On October 17, 2014, the Supreme Court of the State of Delaware, in Official Comm. Of Unsecured Creditors of Motors Liquidation Co. v. JPMorgan Chase Bank, N.A. held that a UCC-3 termination statement that is reviewed and knowingly approved for filing by a secured party effectively extinguishes all of that party’s perfected security interests, regardless of the secured party’s subjective intent.[1] The ruling arises out of a dispute in the General Motors bankruptcy case involving a UCC-3 termination statement which inadvertently extinguished more liens than intended.
 
Background
General Motors (now, Motors Liquidation Company) (“GM”) entered into two separate financing transactions, the “Synthetic Lease” and the “Term Loan,” with JPMorgan Chase Bank, N.A. (“JPMorgan”). In 2008, UCC-3s were prepared to terminate JPMorgan’s lien in connection with the Synthetic Lease. Although counsel for the parties reviewed the UCC-3s before they were filed, neither noticed that one of the UCC-3s inadvertently included language releasing JPMorgan’s lien securing the $1.5 billion Term Loan. During GM’s Chapter 11 bankruptcy proceedings, the Unsecured Creditor’s Committee (the “Committee”) argued that this mistakenly filed UCC-3 was effective and the $1.5 billion Term Loan was unsecured.
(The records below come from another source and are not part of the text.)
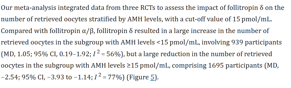 Nopeasti tuota selailtuani vaikuttaisi, että matalammalla AMH:lla on saatu parempia tuloksia follitropiini deltalla vs. follotropiini alfa/beeta: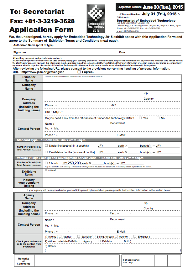 Invoice will be issued upon receiving an application form. Please deposit the exhibition fee to the bank account designated on invoice by the payment deadline.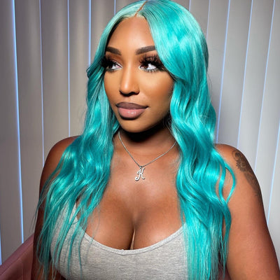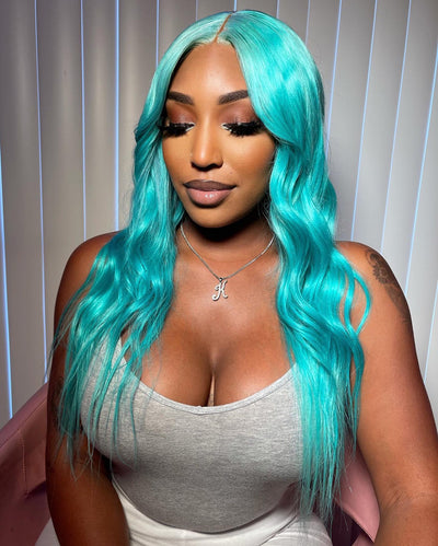Lace Front Wig Virgin Human Hair Blue Color  150%Density 20"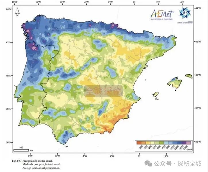 2.西班牙虽然地处伊比利亚半岛,但大部分区域都属于干旱和半干旱气候,降水稀少,即使是东南部相对湿润的地中海气候区域,年降水量也只有300-600毫米;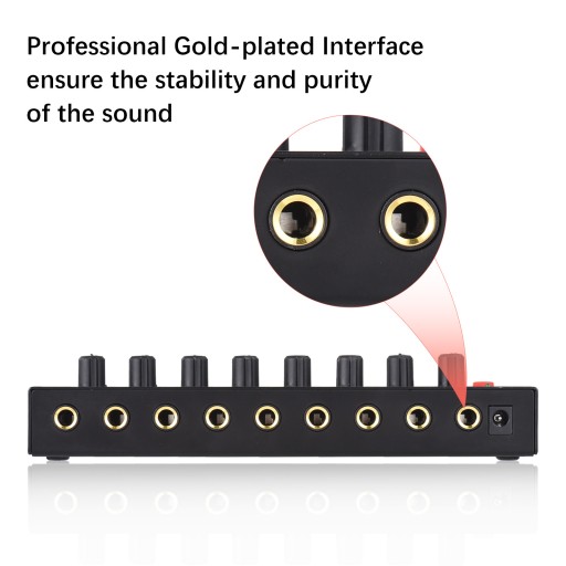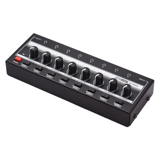Wyposażony w 8 kanałów wyjściowych słuchawek i 1 kanał wejściowy.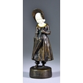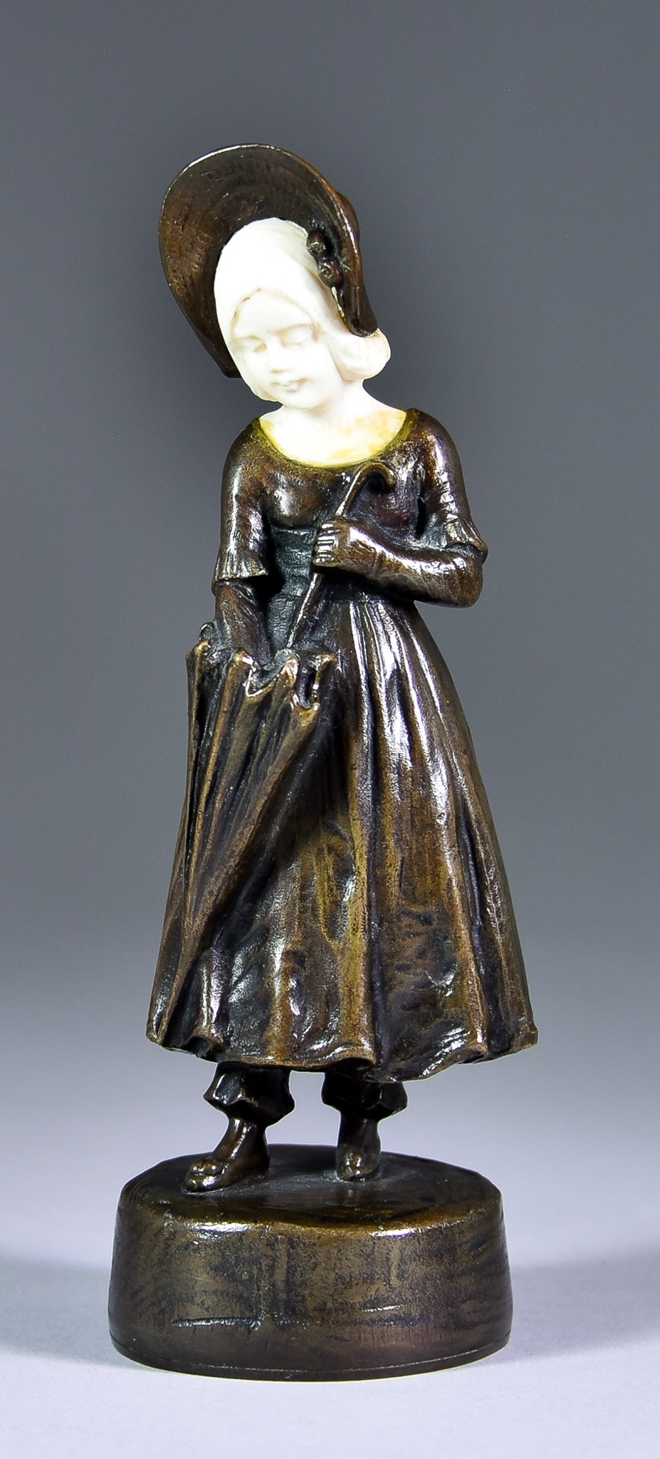 Peter Tereszcuk (1875-1963) - Bronze and ivory figure - Young girl wearing wide brimmed bonnet and with umbrella on circular base, 6.5ins high, signed to base

The issue went to the Delaware Supreme Court for decision.
 
The Delaware Supreme Court Decision
The Delaware Supreme Court held that the language of the Delaware UCC was clear: a UCC-3 termination statement is effective if the secured party of record “authorized” the filing to be made. Once a UCC-3 termination statement is filed, the UCC-1 financing statement to which it relates ceases to be effective, notwithstanding the subjective intent of the secured party. Citing public policy considerations, the Court reasoned it was fair that sophisticated parties bear the burden of ensuring that its filings are accurate. The UCC system is designed to promote efficiency by “permitting parties to rely in good faith on the plain terms of authorized public filings.” A holding that based the effectiveness of UCC filings on subjective intent “would disrupt and undermine the secured lending markets.” In other words, if the Court embraced JPMorgan’s theory, “no creditor could ever be sure that a UCC-3 filing it truly effective, even where the secured party itself authorized the filing, unless a court determined after costly litigation that the filing was in fact subjectively intended.”
 
Practical Implications
The Delaware Supreme Court’s decision highlights the importance of having a strong review process for UCC filings. Because Pennsylvania’s statutory language in the relevant sections is nearly identical to Delaware’s UCC, a Pennsylvania court faced with a similar issue may look to this decision for guidance in interpreting its own UCC law.
Secured parties and their counsel should continue to carefully and closely scrutinize any UCC-1 financing statements and UCC-3 termination statements or amendments before they are filed. This case is also an important reminder to exercise caution before granting blanket authorizations to file termination statements. Finally, this case highlights the importance of conducting regular reviews of UCC filings to ensure that security interests remain perfected.